I paint to save and to be saved…

And you – Why do YOU paint?



About kasia

Born in Poland. Lives in Ireland, Cork. Visual artist. View all posts by kasia

7 responses to “Studying Art (17) – Why do you paint?

  • Stan

    Hello Katarzyna, it’s a tantalising question, and you wrote a very interesting answer! I think any artistic endeavour is an attempt to communicate with oneself, with other people, and with the world in general. Art is the universe talking to itself about beauty, truth, form, harmony, pattern, creativity itself, etc., and we are its media.

    There is a creative urge implicit in life, so humans’ capacity to deliberately make art is both remarkable and very natural; art allows us ultimately to tune in to something older, grander and more interesting than our egos.

    (I used to paint and I wish I had the time to get back into it…)

    • skonieczna

      Hello Stan
      Wow, it is a quite thoughtful comment and a mini-article in itself… I would sign myself under it in general. I will follow you in your online activities (if you don’t mind). All the best to you… Join me on twitter and facebook (if you bother with that)

      • Stan

        Oops, I didn’t mean to write a mini-article, but a short response would have been too cryptic. In a way it is an impossible question to answer, or answer satisfactorily, but there’s a lot of fun and interest in exploring it, and in hearing why other people paint (or otherwise create). The Zen reaction to your question would have been to pick up a paintbrush, but there was only a pen here, so I doodled, then wrote. If I wrote another response now, it would be a bit different.

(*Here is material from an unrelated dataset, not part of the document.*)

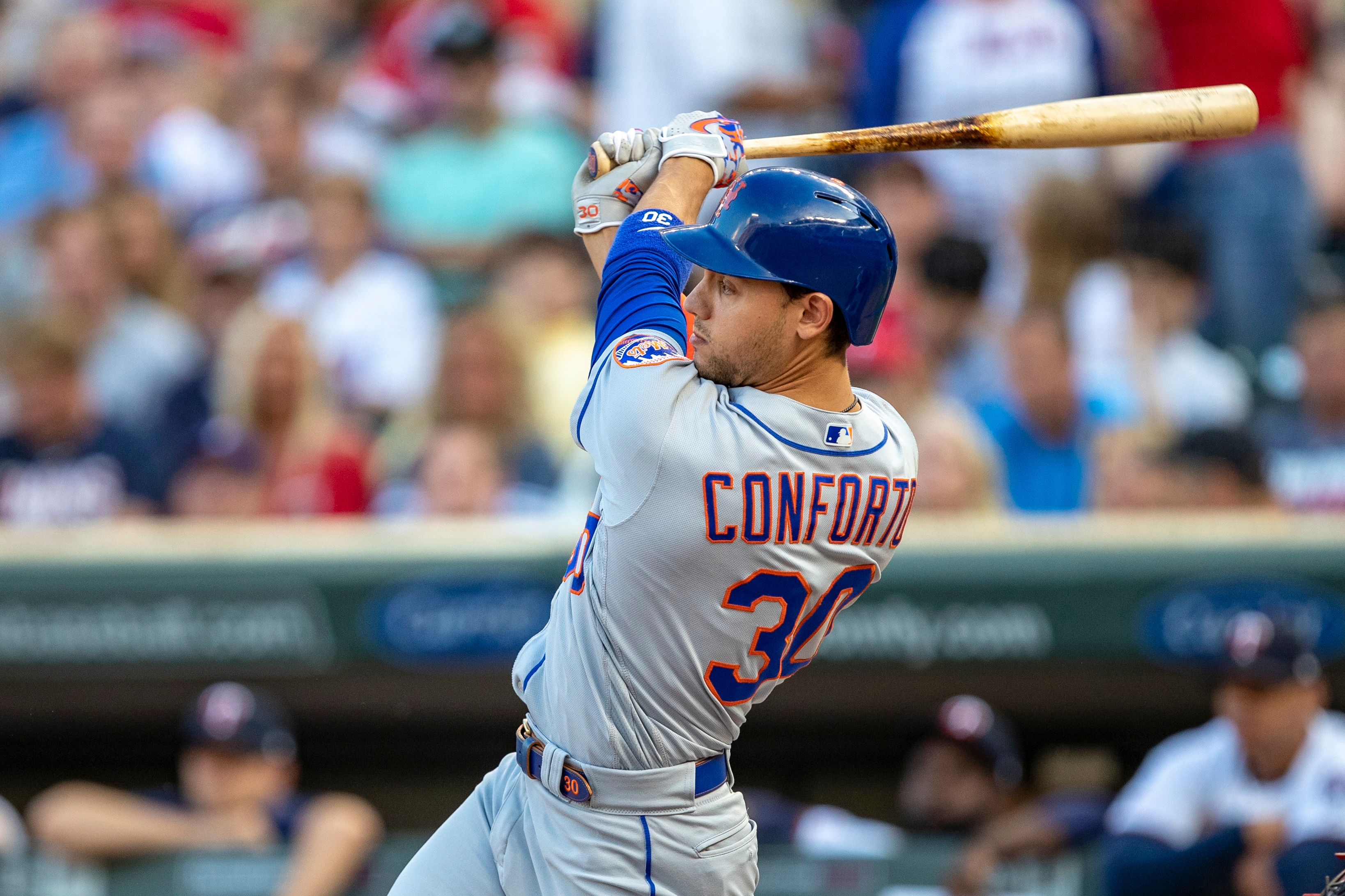 Jul 16, 2019; Minneapolis, MN, USA; New York Mets center fielder Michael Conforto (30) hits a single in the first inning against the Minnesota Twins at Target Field. Mandatory Credit: Jesse Johnson-USA TODAY Sports / Jesse Johnson

        Someone – maybe Amos Vogel – once wrote that the purpose of art is to change consciousness. To borrow your phrase, I think I would sign myself under that too, though it applies to a different question. And a different mini-article!

  • skonieczna

    Thanks Stan
    We seem to have similar writing/thinking style – I very rarely have an impression I would answer the same questions/express the same ideas the same way; in a sense – how could I if I change continuously, alike the world around and people who affect me? Cheers. K.

    • Stan

      “We seem to have similar writing/thinking style”

      Indeed – reading your blog I find myself nodding in agreement more than usual!

      Although it is an ancient idea (and, I would add, a truth) that everything is always changing, there seems to be a lot of resistance to it – sociological, political and otherwise. So the idea is as important and relevant as ever. Perhaps the resistance has to do with insecurity about mortality (or infinity), and the corresponding attraction of permanence. People generally just don’t know how to deal with The End. Art can delve deep into this terrain, loosen our misconceptions, help us confront those anxieties etc.

      By the way, I meant to say: certainly I don’t mind if you follow me online. Facebook is not for me, but I’m finding Twitter to be fun and interesting.

  • Josh W

    One fascinating thing about painting is how it can make a world from no world, how depth can be “conjured” from a flat surface. Unlike constructions where the spaces and the shapes exist without much work, and must be heavily worked to change, in painting depth and space can flower into existence with a brushstroke, weaken, change, and come back new as you paint more.

    That magical world-fluidity pretty much only exists in music in anything like the same force.